Eisende partij wordt in de gelegenheid gesteld het gebrek te herstellen. Eisende partij dient gedaagde partij, onder meebetekening van dit vonnis en aanhechting aan het exploot van de eerder uitgebrachte dagvaarding, opnieuw op te roepen en wel voor de zitting van
dinsdag 12 mei 2020 te 10:00 uur, onder aanzegging dat zal worden voortgeprocedeerd op de oorspronkelijke dagvaarding.

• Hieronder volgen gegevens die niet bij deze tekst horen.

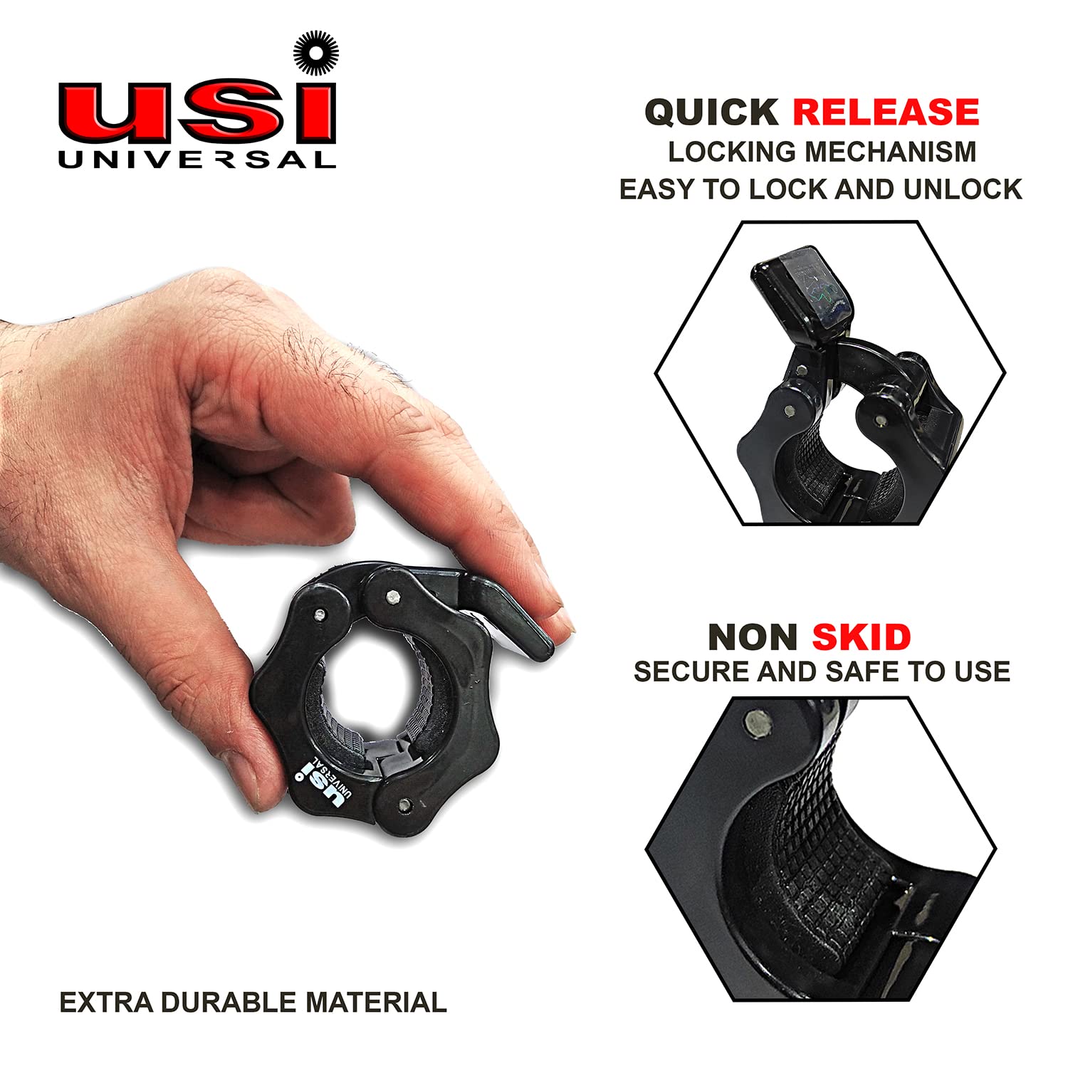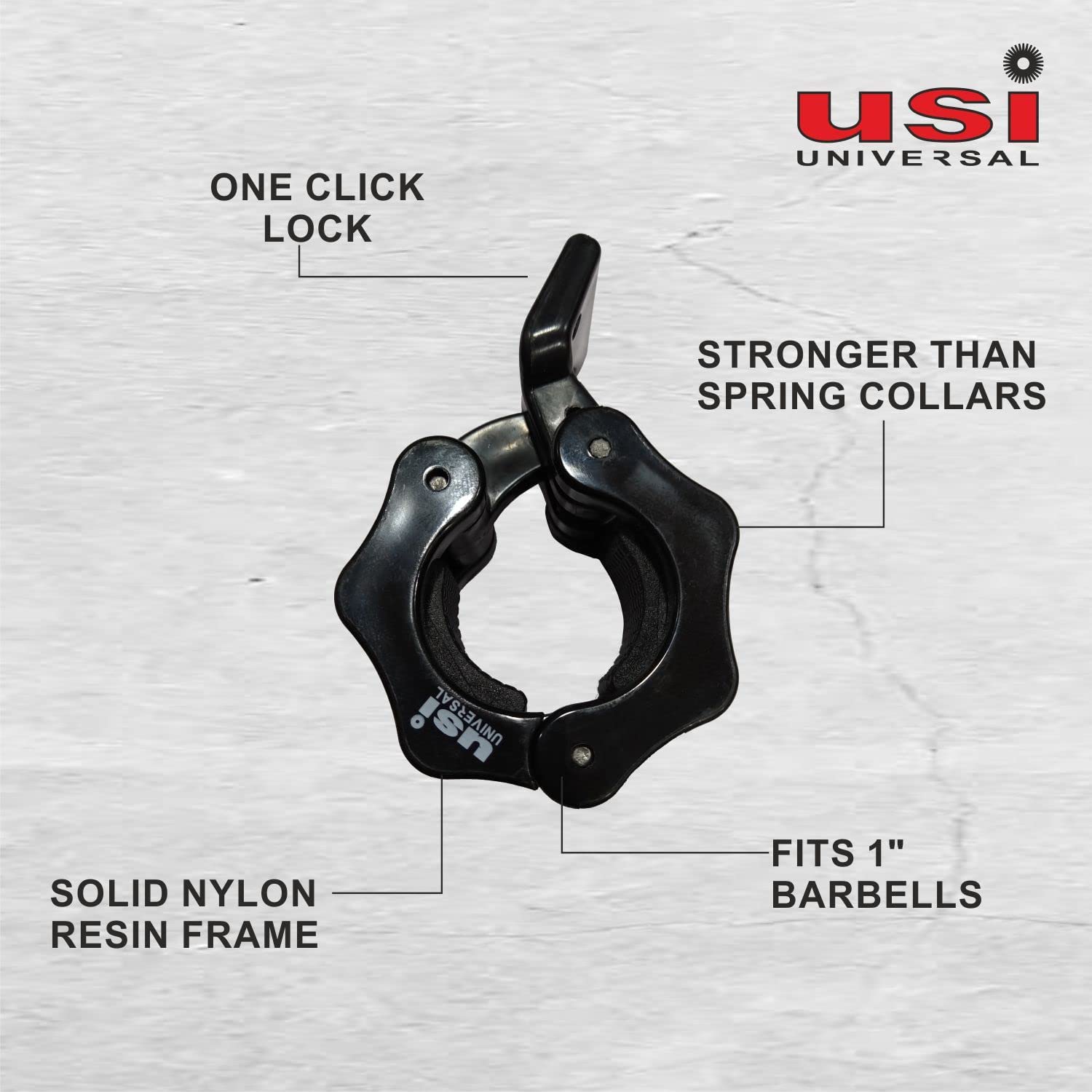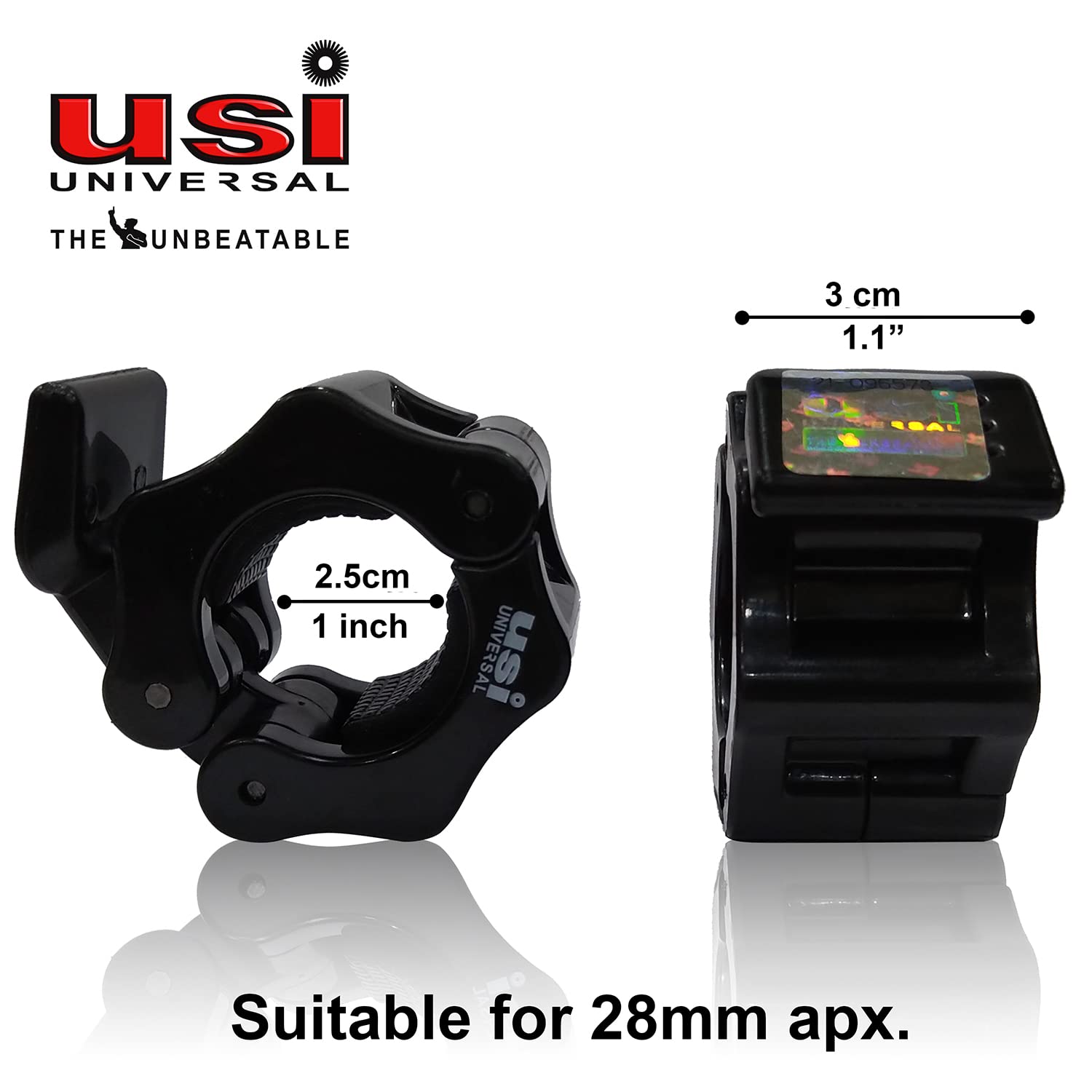 USI UNIVERSAL Weight Bar Locks, LJ1 Weightlifting Bar Collar, Plastic Rod Locks, Barbell Clip Pair for 23mm Gym Rods, Plastic Classic Barbell Locks For 23mm Weight Lifting Bar (Black)

Bij het uitbrengen van het herstelexploot dient eisende partij de wettelijke dagvaardingstermijn in acht te nemen.

Beslissing

De kantonrechter:
stelt eisende partij in de gelegenheid een herstelexploot uit te brengen, waarbij zij gedaagde partij op de juiste wijze aanzegt dat de zaak weer zal dienen op de openbare civiele terechtzitting van
dinsdag 12 mei 2020 te 10:00 uur
bepaalt dat eisende partij de kosten van vorenbedoeld exploot draagt;
houdt iedere verdere beslissing aan.
Aldus gewezen door mr. A.W.J. Ros, kantonrechter, en uitgesproken ter openbare terechtzitting van 7 april 2020 in tegenwoordigheid van de griffier.